Debütfilm von Constanze Klaue: Mit den harten Jungs abhängen

Wenn Constanze Klaues Romanverfilmung „Mit der Faust in die Welt schlagen“, die eine Woche vor der Bundestagswahl ihre Premiere auf der Berlinale hatte, gut einen Monat nach der Bundestagswahl in die Kinos kommt, dürfte sie angesichts eines erwartbar starken Ergebnisses der AfD zur Ursachenforschung herangezogen werden.

So wie seit vielen Jahren üblich bei neuen Büchern, Filmen und Songs, die sich mit dem Osten der Republik beschäftigen. Eine klare Antwort auf die drängenden Fragen der Gegenwart ist allerdings nicht zu erwarten, und so ist es auch eine der größten Stärken von Klaues Film, dass er gar nicht versucht, Antworten zu geben, sondern einfach beobachtet.

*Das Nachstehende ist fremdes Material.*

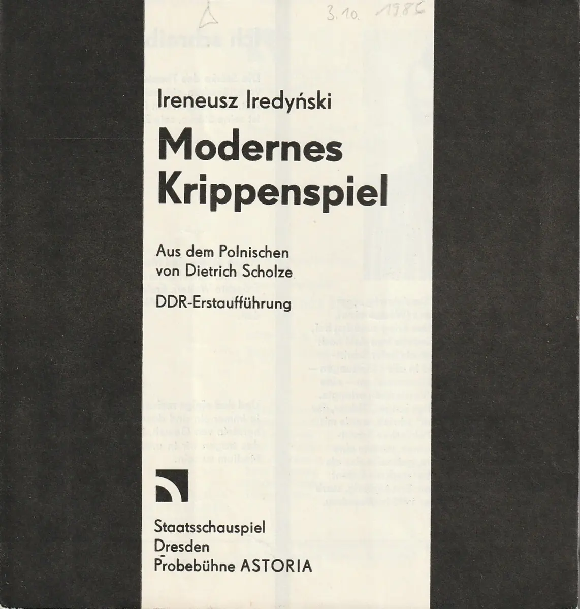 Staatsschauspiel Dresden, Probebühne ASTORIA, Gerhard Wolfram, Johannes Richter: Programmheft Ireneusz Iredynski MODERNES KRIPPENSPIEL 3. Oktober 1986.
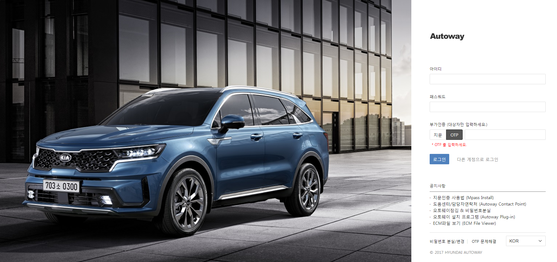 2020년 최신 현대자동차 오토웨이 사외접속 주소 바로가기 주소 = autoway.hmc.co.kr 아이디, 패스워드, 부가인증(대상자만, 지문 OR OTP) 공지사항 - 오토웨이 콜센터전화 및 ITSM문의 확인방법 오토웨이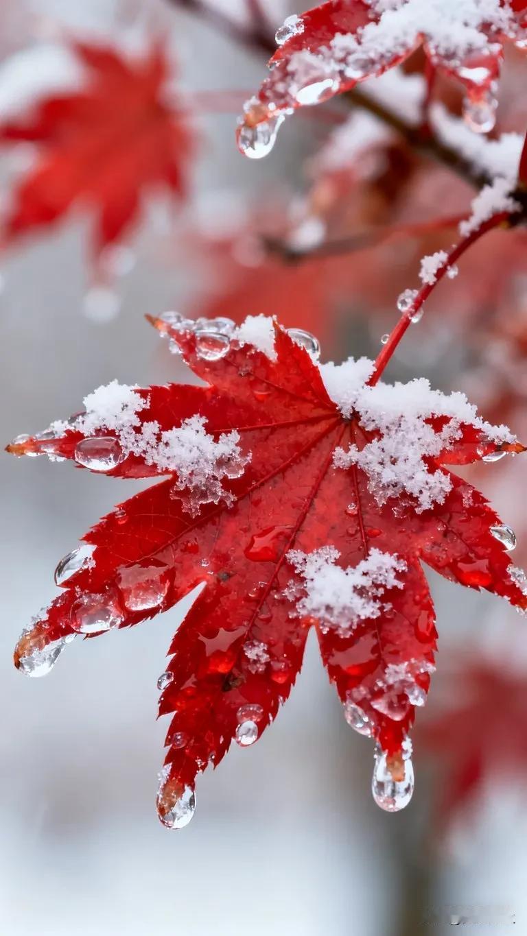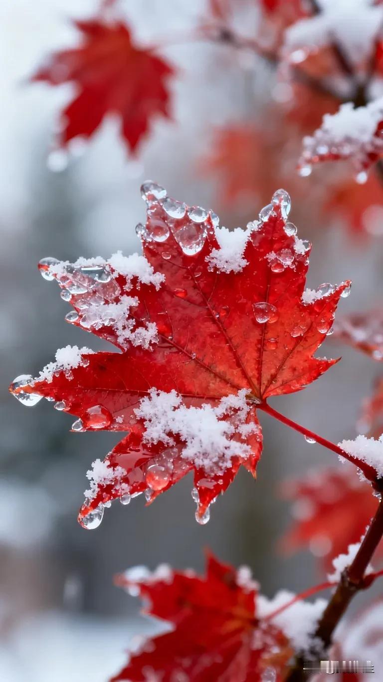 枫叶流丹,似火情燃岁月;雪花飘絮,如琼花缀梦枝,天地皆成妙境

Bevor sie zum Film kam und nun mit 40 Jahren ihren Debütfilm realisieren konnte, war die im damaligen Ostberlin geborene Klaue als Jazzsängerin erfolgreich und hatte sich schon mit ihrem Kurzfilm „Lychen 92“ mit der Nachwendezeit in Ostdeutschland beschäftigt.

Ursprünglich wollte sie auch ihren ersten Langfilm auf der Basis eigener Erfahrungen schreiben, doch dann stieß Klaue auf den 2018 erschienenen Roman „Mit der Faust in die Welt schlagen“ von Lukas Rietzschel, einer der vielen literarischen Versuche, sich mit den sogenannten Baseballschlägerjahren auseinanderzusetzen, mit dem Aufwachsen in den neuen Bundesländern, in den nicht wirklich blühenden Landschaften, in einer Welt, in der Freunde und Mitschüler auf einmal Glatze tragen und Nazi-Parolen skandieren.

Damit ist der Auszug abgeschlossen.